Мы уплыли дальше, где вода казалась еще более студеной. Потом нырнули, поднялись подышать, вновь ушли на глубину. Голышом я не плавал давненько. В конце концов мы увидели людей на берегу и решили вернуться. «Эй, все отвернулись! – скомандовала она, когда мы выскочили из воды. – И ты, iepuraul meu, мой зайка», – обратилась она к пятилетке, который не в силах был не таращиться, как вот я не в силах был не таращиться на ее ноги, гадая при этом, господь ли сотворил ей такие ляжки или они являются продуктом суровой выучки в какой-нибудь восточноевропейской балетной школе. «И не таращиться», – предупредила она. Даже ее лукавые подначки казались знакомыми, дружескими, роднящими, как будто что-то в ее душе дотронулось до моей руки, обхватило и не выпускает. Я подумал, связано ли это с тем, что мы говорим по-французски, или попросту Калаж, как всегда и сам того не зная, раздул огонь в каждом либидо, и мы все теперь играем по его правилам, согласно которым касания являются вещью простой, естественной, беспрепятственной и насущной. А может, дело просто в том, что нам вчетвером действительно хорошо вместе, мы перестали ощущать себя неприкаянными членами расформированного отряда, безнадежно осевшими в Лотусланде под названием Кембридж. Мы, конечно, никак не можем притязать на этот пруд, но позвольте нам здесь поиграть – так можно залучить себе на денек пустой теннисный корт, пока его владельцы в отлучке. Воспитанные браконьеры, решившие пару часов позагорать, а не разбойники и не сквоттеры. Мы взяли Америку напрокат, а не поселились в ней насовсем. Робость и поспешность, с которыми мы закидывали арбузные корки в полиэтиленовые мешки, чтобы не привлечь пчел и не намусорить, всем говорили о том, что мы хотим по возможности остаться незаметными. Я ничего не сказал, однако понял, что я здесь единственный, у кого есть грин-карта. Леони плюхнулась на песок рядом с Калажем, они обнялись.

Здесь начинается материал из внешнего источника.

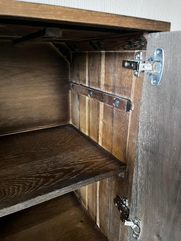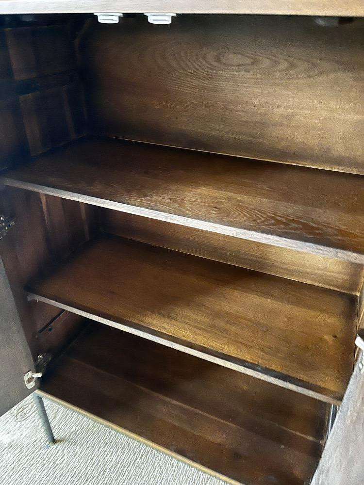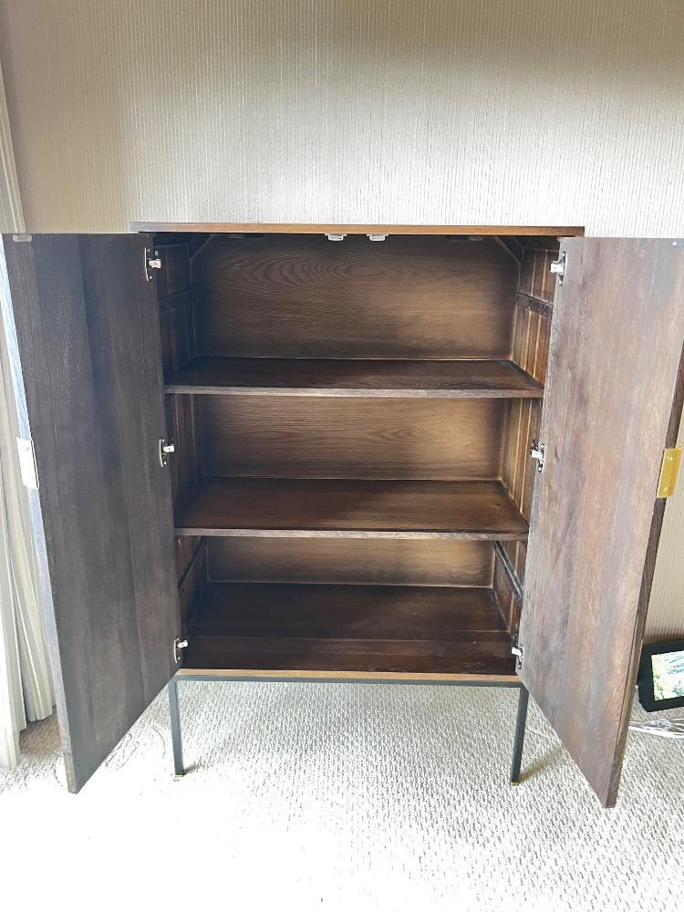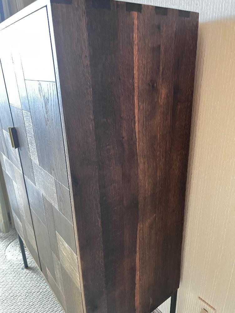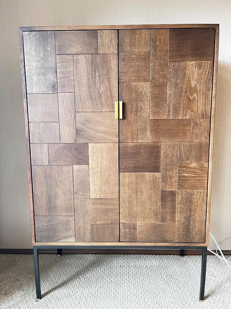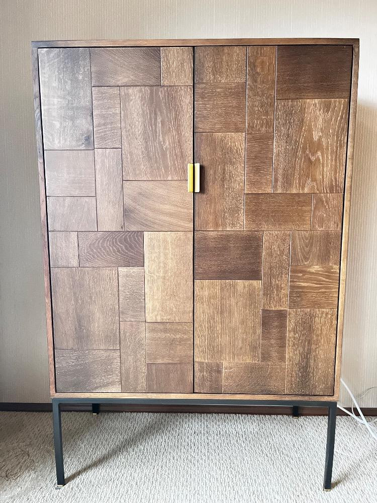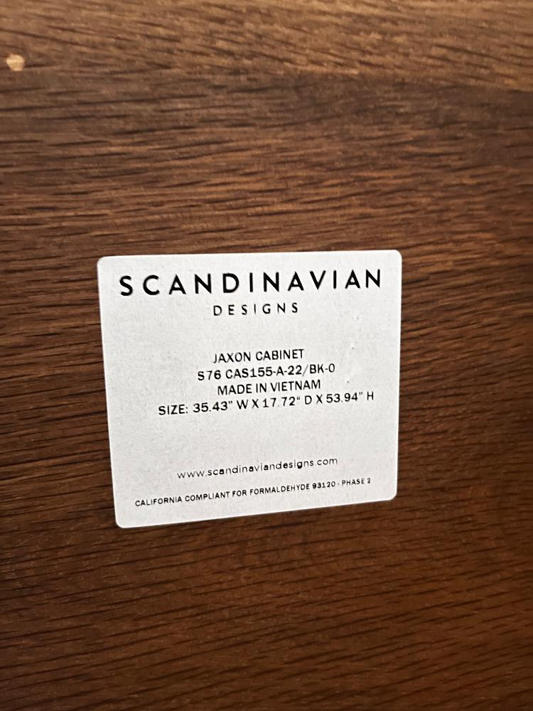 Scandinavian Designs "Jaxon" Cabinet - Modern Patchwork Wood Design. Bidding on this lot is an agreement that: (1.) You will have at least 2 capable, able bodied persons to lift and load at a minimum. (2.) You will bring a hand truck and/or any other tools needed to remove this item. If these steps are not followed your item will be forfeit and no refund given.

Позднее, во время пикника, Екатерина достала кукурузные колечки «Чириос» для детей, и Калаж, который в жизни своей не видел ничего подобного, попросил одно – попробовать. Прежде чем он положил его в рот, она губами изобразила: «Зажравшийся эрзац, зажравшийся эрзац», в смысле: «Гляди, сейчас начнется». Квадратная коробка была огромной, еда – непоправимо искусственной, господь в жизни не создавал таких вкусов, Калаж уже заряжал свой «алашников». А когда Екатерина вытащила мешок с пятью крупными сочными нектаринами, он взорвался.
– Никогда не покупай нектарины. Нектарины – сплошной эрзац…

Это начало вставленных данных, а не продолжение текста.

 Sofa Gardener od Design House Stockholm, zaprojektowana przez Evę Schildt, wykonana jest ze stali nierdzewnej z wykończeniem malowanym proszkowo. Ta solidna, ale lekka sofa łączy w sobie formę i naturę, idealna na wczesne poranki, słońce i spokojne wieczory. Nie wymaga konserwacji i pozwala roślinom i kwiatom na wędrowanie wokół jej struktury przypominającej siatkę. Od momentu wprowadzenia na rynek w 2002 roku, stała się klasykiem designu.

– Как и мулы, – вставила она.
– Совершенно верно, – подтвердил он, упустив обидную для себя шутку. – И «Улица Сезам» тоже сплошной эрзац. Там людей учат превращаться в эрзац. Ты вслушайся в голоса персонажей. Они у них совершенно нечеловеческие.
– А детям нравится, и дети любят нектарины, да и я люблю нектарины. Хочешь? – спросила она.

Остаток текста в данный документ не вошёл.